Rythme Coloré (Colored Rhythm), 1946

A new exhibition at New York’s Cooper-Hewitt takes the visitors into Sonia Delaunay’s kaleidoscopic world.

Text by Anna Battista

“Simultaneous Orphism has produced praiseworthy new things in the field of clothing. These would have provided Carlyle with a curious chapter in his Sartor Resartus. The Delaunays are innovators,” wrote Apollinaire in 1914. Sonia and her husband, the French painter Robert Delaunay, brought indeed into art and fashion a genuine passion for bold colour schemes and patterns. Rather than trying to change the silhouette, shape and cut of the garments, Sonia Delaunay revolutionised clothes by using bold colour variations and combinations.

A new exhibition entitled “Color Moves: Art and Fashion by Sonia Delaunay” that recently opened at New York’s National Design Museum Cooper-Hewitt is currently trying to rediscover Delaunay’s work.

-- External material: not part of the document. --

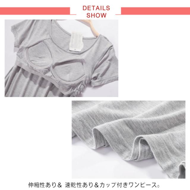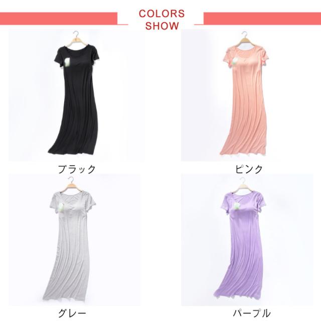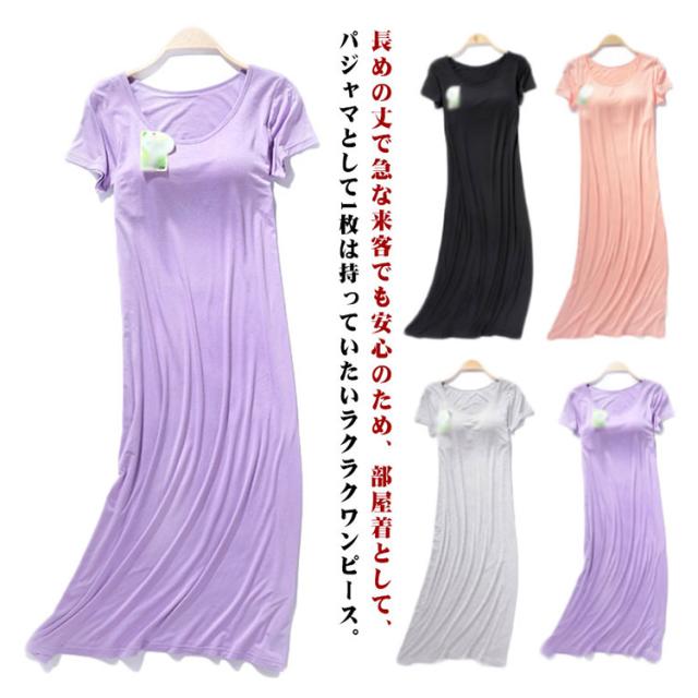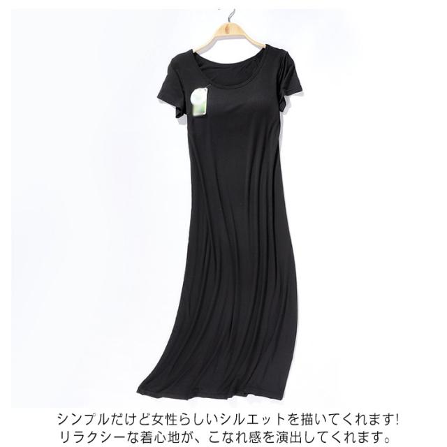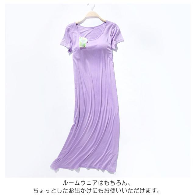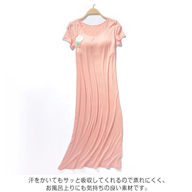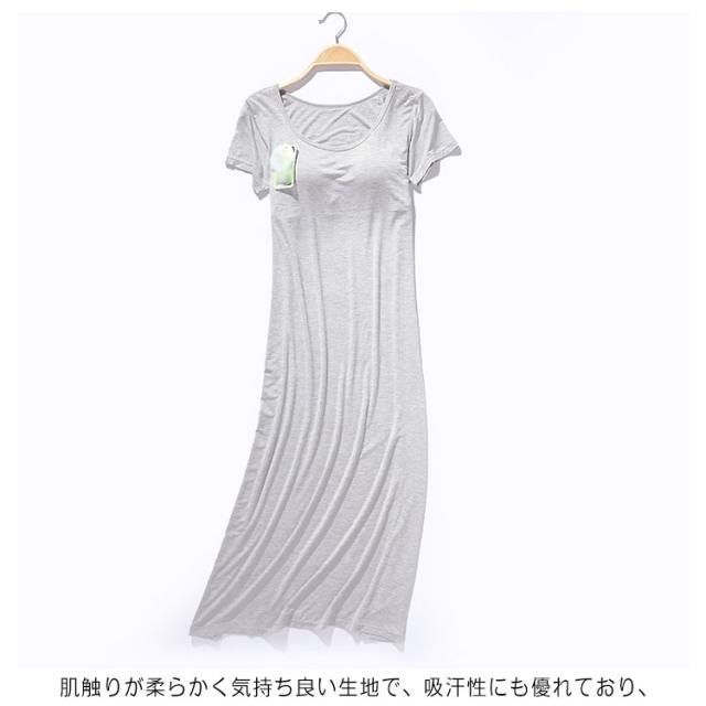 ロング ワンピース カップ付き ルームウェア パジャマ パッド入り レディース ロングTシャツ 半袖 ゆったり ワイヤーなし 夏 肌着 軽量 ゆったり 送料無料
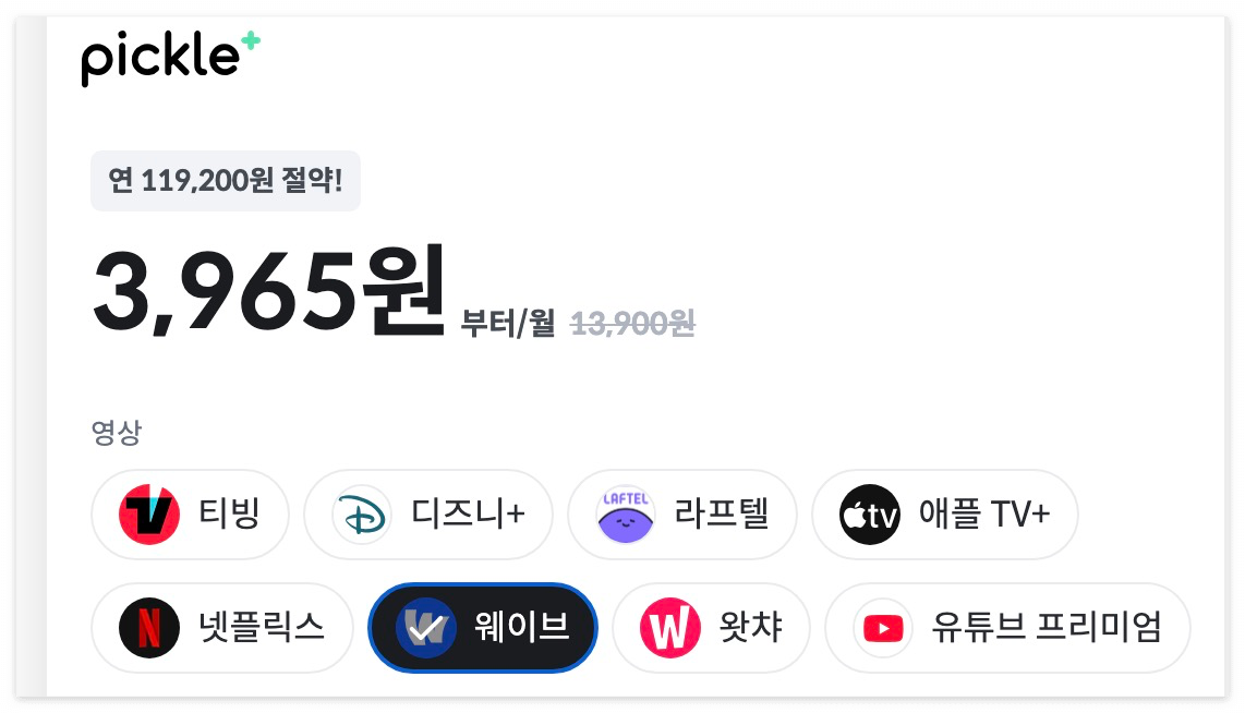 이렇게 웨이브를 월 3천 원대 수준으로, 안정적이면서 합법적으로 즐길 수 있습니다.

The event mainly looks at fashion designs from Delaunay’s own Atelier Simultané in Paris during the 1920s, as well as textiles designed for the Metz & Co. department store in Amsterdam in the 1930s and features examples of designs, textiles, garments and photographs from different private collections and museums such as the Musée des Arts Decoratifs and the Musée de la Mode de la Ville de Paris.

Bathing Suit, 1928
Model wearing swimsuit, Photographed by Luigi Diaz for Presse Paris

Born in November 1885 in Ukraine, Sonia Terk studied art in Germany and Paris where she was influenced by the colours used by the Fauvist artists. Her interest for bright colours developed after she married in 1910 Robert Delaunay, a painter and researcher into simultaneity.

Design B53, 1924

Her first experiments in simultaneous paintings occurred in 1912-13 and were followed by her first dresses in 1913 and her designs for simultaneous books in collaboration with poet Blaise Cendrars.

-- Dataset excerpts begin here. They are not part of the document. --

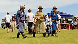 - ↑ Mongolian Traditional Cloths ( vom 3. November 2012 im Internet Archive) Mongolia today (englisch).
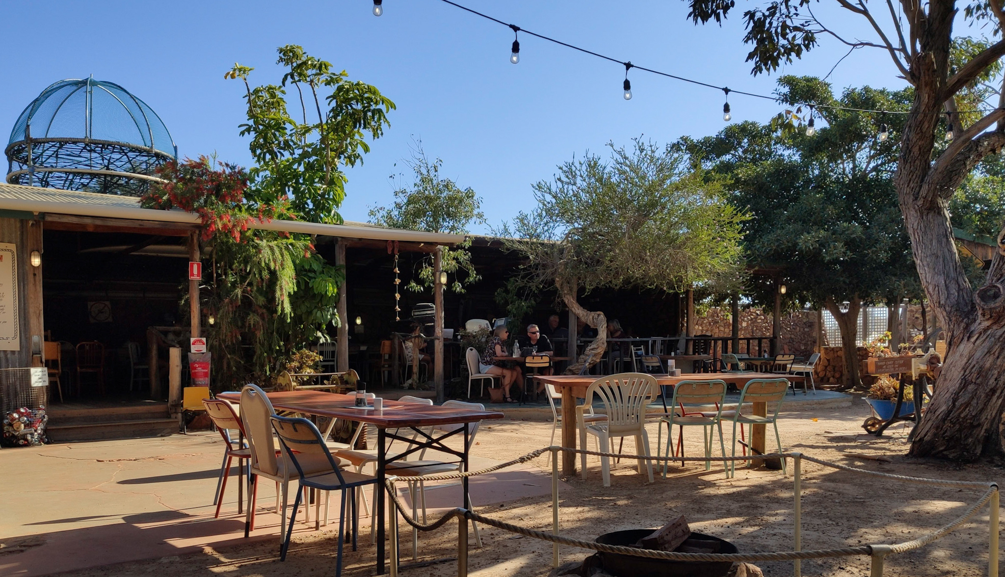 Abends ging ich zu Fuss noch zum Sonntags-Konzert des Fish-BBQ und Microbrewery Finlays, welche vom Murchison CP durch die Büsche und am Sportplatz vorbei gut zu Fuss erreichbar ist. Es spielten zwischen 16 und 19 Uhr Tracey Barnett und Tanya Ransom, zwei Folk-Sängerinnen aus Western Australia (respektive Kimberley). Tracey Barnett fand ich sehr überzeugend: Hört euch doch mal an, was die beiden Farmerstöchter aus ihrem Leben im weiten Westaustralien zu erzählen haben.
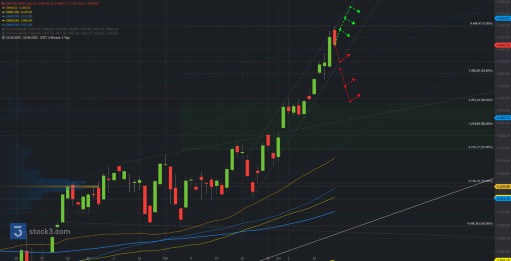 Ein kurzer Blick in den US-Markt (Komplette Updates für den US-Markt gibt es auf Trading-Portal.NET – Premium) ins übergeordnete Bild. Der S&P500 mit über +5% im schwachen Börsenmonat Juni. Die aktuelle Impulsbewegung ist weit ausgedehnt und könnte vor dem Abschluss stehen. Eine Konsolidierung sollte berücksichtigt werden und wird bessere Einstiegsmöglichkeiten bieten. Die 4.410 stellen einen ersten relevanten Bereich. Oberhalb bleibt die Range zur 4.440 aktiv. Darüber weitere Bewegung zur 4.465. Bei Bruch 4.490. Unterhalb rücken hingegen wieder die 4.375 in den Blickpunkt. Darunter könnte die Konsolidierung über die .350 zur .3255 an Fahrt aufnehmen. Bei Bruch 4.3/.290.

Some of Delaunay’s first experiments in colour variations were showcased next to her husband’s Robert paintings in Berlin in September-November 1913.

Dress, 1925–28

The first simultaneous dress was actually made following the same process she employed to make a patchwork quilt for her son Charles. The dress was a mix – almost a collage – of geometrical and irregular forms, materials and colours. More experiments suspended between art, fashion and interior design followed, with Delaunay producing blankets, lampshades and curtains.

Her work was interrupted by the war, but, soon after it, she resumed her experiments and collaborations, creating the costumes for the Ballets Russes’ Cléopatre in 1918, and developed later on “poem-dresses” (robe poème – there are a few sketches included in the exhibition), that is garments that mixed colours and lines of poetry by different poets, among then also Tristan Tzara (she designed for Tzara the costumes for his production of The gas-operated heart, in 1923).

Around the ‘20s she created fifty patterns for a silk manufacturer and began a collaboration with Dutch department store Metz and Co. that sold her fabrics for fashion and home decoration.

Her tissues simultanés radically changed the garments or interior design objects in which they were employed. Delaunay also established a printing workshop, called Atelier Simultané (Gloria Swanson and Nancy Cunard were among the atelier fans) and experimented with wool and silk combinations and embroideries, inventing two new stitches, the point du jour and the point populaire.

Set of three fabric samples, Design 198, 1927

Her textile designs were a triumph of stripes, zigzags, geometrical figures and spirals in bright colour combinations or in neutral shades with geometric designs worked in metallic, wool and silk threads.

In the meantime she continued creating costumes for the stage and even the big screen: among the most beautiful ones there are the costumes for the film Le P’tit Parigot (The Small Parisian One, 1926) directed by René Le Somptier.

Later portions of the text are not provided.